In particular, it should be remembered that there are various other methods to prove or collect the required information, but each have their advantages or disadvantages. For example, it has been discussed that collecting a photograph of the parent’s ID (such as via a passport copy or other ID) would violate data minimisation requirements, even if deleted immediately. Arguably, on top of the potential to violate data minimisation requirements, the collection of this ID for verification purposes would be a practical and administrative burden for organisations to comply with far greater than charging a nominal fee to a credit card would. In particular, the verification of the ID would require sophisticated software or human intervention.

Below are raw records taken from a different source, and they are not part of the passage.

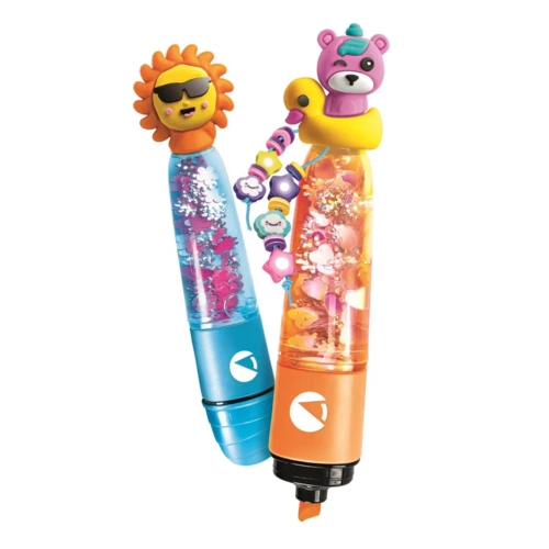 - műanyag alap és tölcsér - 2 db mini szövegkiemelő toll 2 színben kupakkal - 2 db átlátszó, kidekorálható tolltest - 2 db fehér gumidugó - 3 tasak különféle formájú és színű dekoráció - 1 tasak színes karika és 1 tasak zsinór - színes gyöngyök, 2 db gumifigura - használati útmutató - 6 éves kortól ajánlott
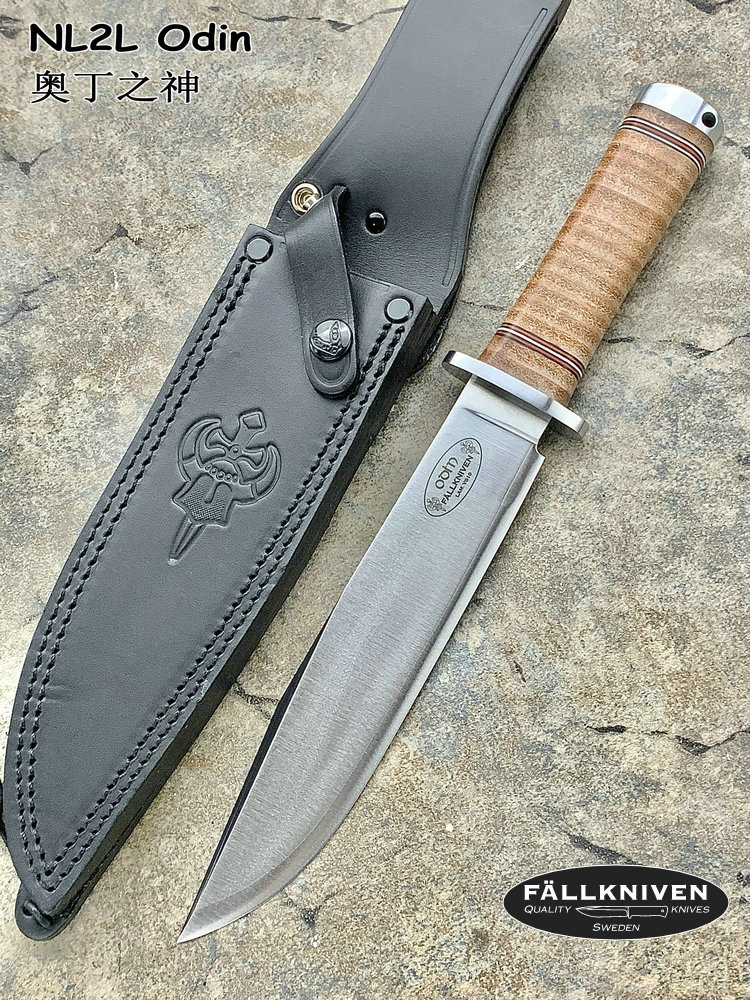 FallKniven NL2L奥丁之神:挪威神话中地位最高的神。非常的强壮,精美和舒适。奥丁之神夹钢大搏伊刀采用的是VG10三层夹钢,比冷钢公司的三美夹钢提供了韧性更强的刀被和更坚固锋利的刀刃,可以说是目前夹钢中最锋利的刀具!
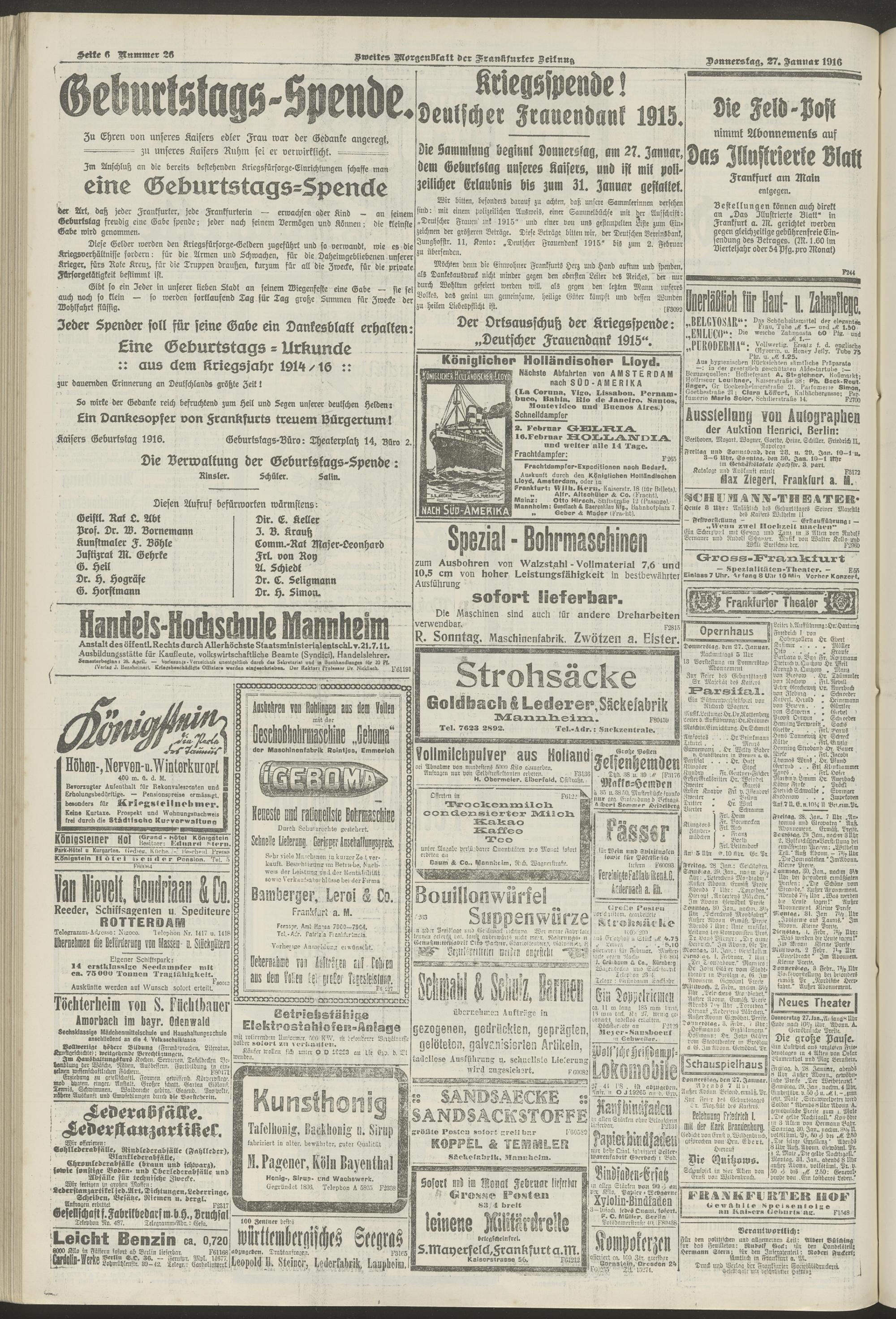 27.01.1916 = Nr. 26. Zweites Morgenblatt
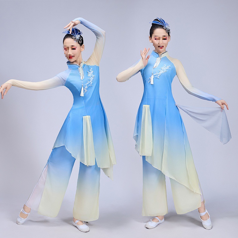 女性用の新しい古典的なダンス衣装、エレガントな中型傘と扇子のダンス衣装、膠州楊子劇ダンスパフォーマンス衣装
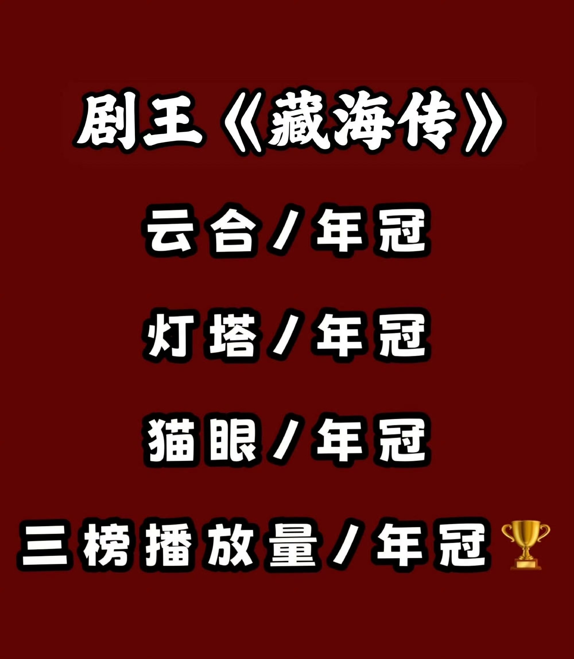 藏海传三榜播放量年冠堂堂正正, 直接总榜单截图,而不是粉圈自制小表格!权威! 肖战藏海传可以确定云合年冠吗
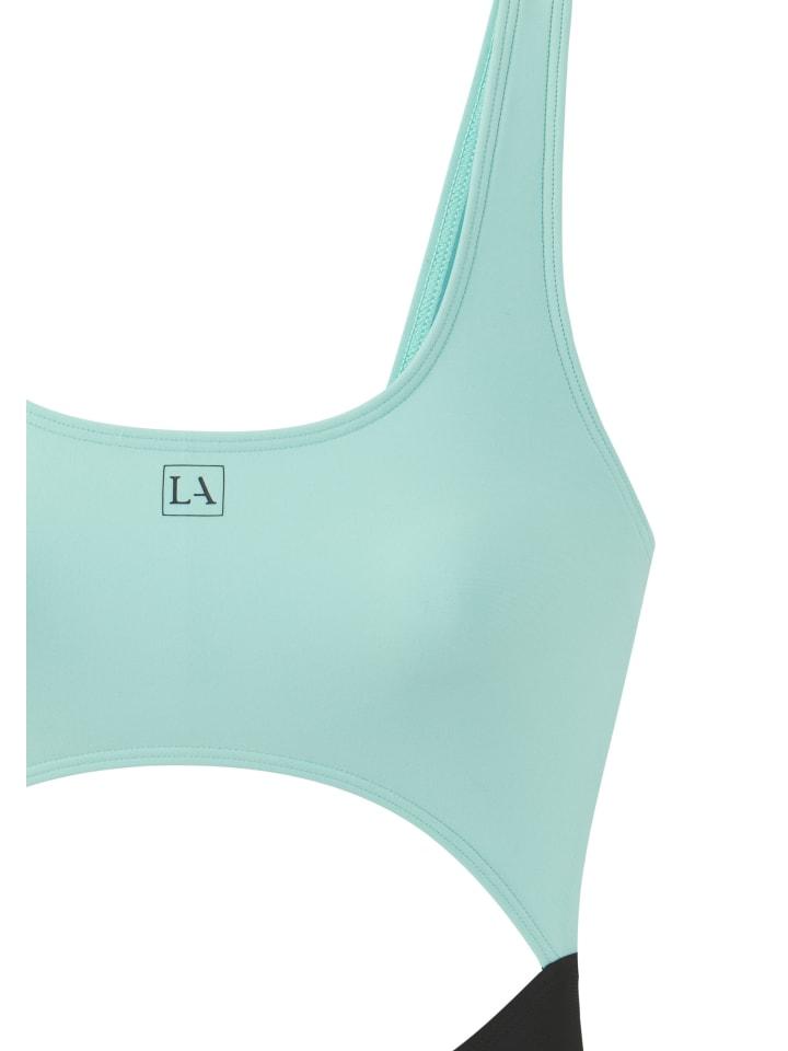 Купальник Lascana Active с цветными блоками. Большие вырезы спереди и сзади. Широкие бретели. Круглый вырез. Мягкие съемные чашечки. Материал содержит переработанный полиамид.
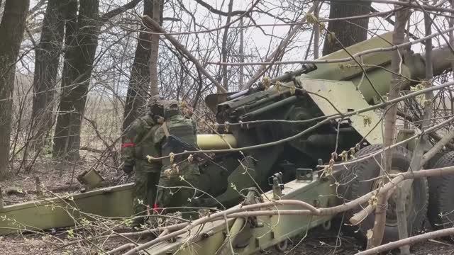 Минобороны России опубликовало кадры боевой работы расчетов 152-мм буксируемых пушек «Гиацинт-Б» Западного военного округа, выполняющих огневые задачи по уничтожению бронетехники и укрепленных позиций ВСУ в зоне проведения специальной военной операции. Боевые задачи в составе одного из расчетов буксируемых артиллерийских установок «Гиацинт-Б» выполняют четыре родных брата. В ходе проведения специальной военной операции артиллерийские подразделения Западного военного округа продолжают выполнять огневые задачи по поражению артиллерийских батарей ВСУ, разрушению оборонительных сооружений, подавлению пунктов управления, уничтожению огневых средств, вооружения и военной техники противника. Источник: ДИМК МО РФ
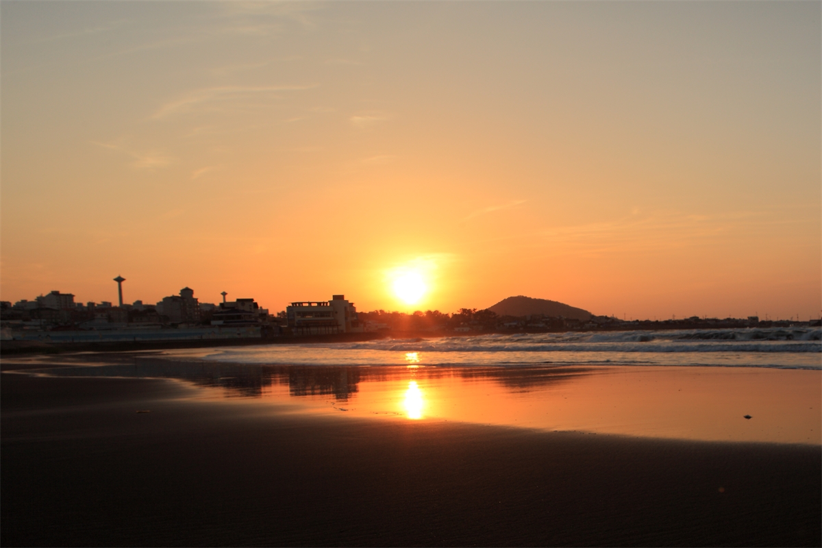 제주도 삼양 해수욕장 노을
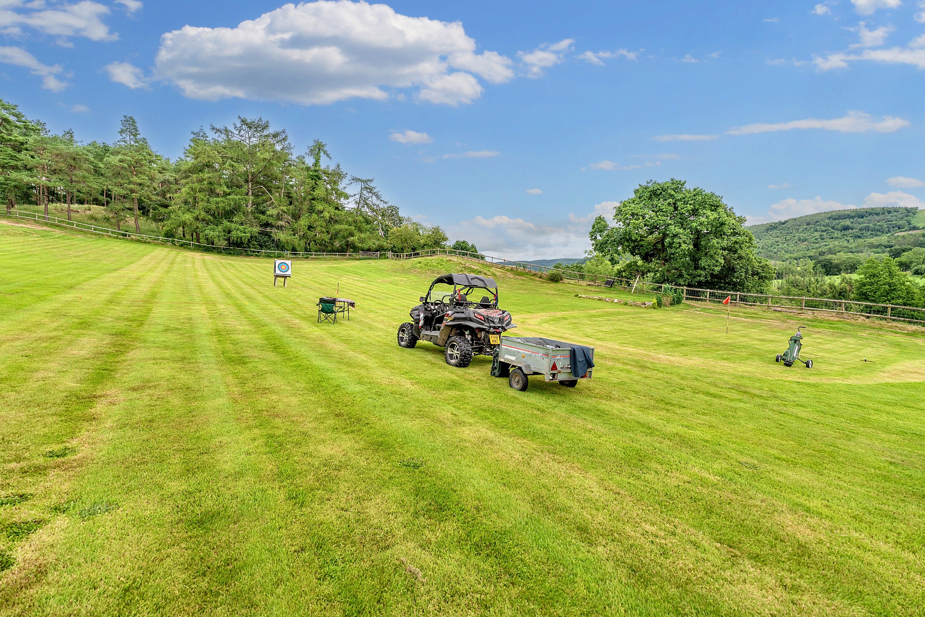 - Offering ample space for the shooting range, 4 hole, 'agricultural' pitch & putt, archery and croquet on the lawn, along with large three car garage currently utilised as a games room.

Most notably, it should be remembered that organisations should also put into place a method for the parent’s consent to be withdrawn, or the personal data deleted, in accordance with the rights under the GDPR. This would either involve saving the parent’s details – such as their email address – along with the fact that they had previously been verified as a parent – to process the request in the future.

Notification and Transparency

As the DPC notes, transparency is particularly important in the context of children’s data – such as through notices needing to be directed at children. An age-appropriate notice would have a broader application and, under the GDPR, is required regardless of whether the requirement for parent’s consent for paid online services applies or not. In particular, the DPC asks whether two separate sets of transparency information should be provided that are each tailored according to the relevant audience i.e. one for the parent and one for the child (i.e. aged under 16). Other issues that have been discussed around this include the fact that a child aged 15 will have a different capacity for understanding than a child under 10 years old.

A solution to this would be for the organisation to consider what the primary age demographic they could expect their website to be accessed by or targeted at and draft an appropriate notice. An age-selection method on a website’s homepage (to generate an appropriate notice) may be another method, although collecting such information so early may violate data minimisation requirements and may be cumbersome to many viewers, as well as for website owners to implement.

In relation to notifying parents, as explained previously, parents’ consent must meet the GDPR’s requirements, including that consent to be ‘informed’. One solution, such as the FTC recommends in relation to COPPA, could involve providing parents with information on why they are being contacted, which information was collected from the child and that the parents’ consent is required, alongside a link to the organisation’s Privacy Notice.

Children’s Rights

The consultation also touches on the issue of children’s rights, including the new rights under the GDPR, and how these are to be exercised. For example, in Canada, the Office of the Privacy Commission has proposed that, where information about children is posted online (by themselves or others), the right to remove it should be ‘as close to absolute as possible’, a sentiment echoed in Article 17(1)(f) of the GDPR. Ireland has taken a similar approach, for example, whereby under the Irish Data Protection Act, there is a stronger ‘right to be forgotten’. This applies to children whose personal data has been processed for information society services, without the need to prove that the processing was no longer necessary or unlawful, or the legitimate interest is unjustified, etc. As such, where the right to erasure does not apply absolutely (i.e. where consent is not relied on) organisations should be prepared to make such an objective assessment, considering (for example) whether the child or the guardian would have been aware of the use of the child’s personal data, and whether it was used in particularly invasive instances of processing.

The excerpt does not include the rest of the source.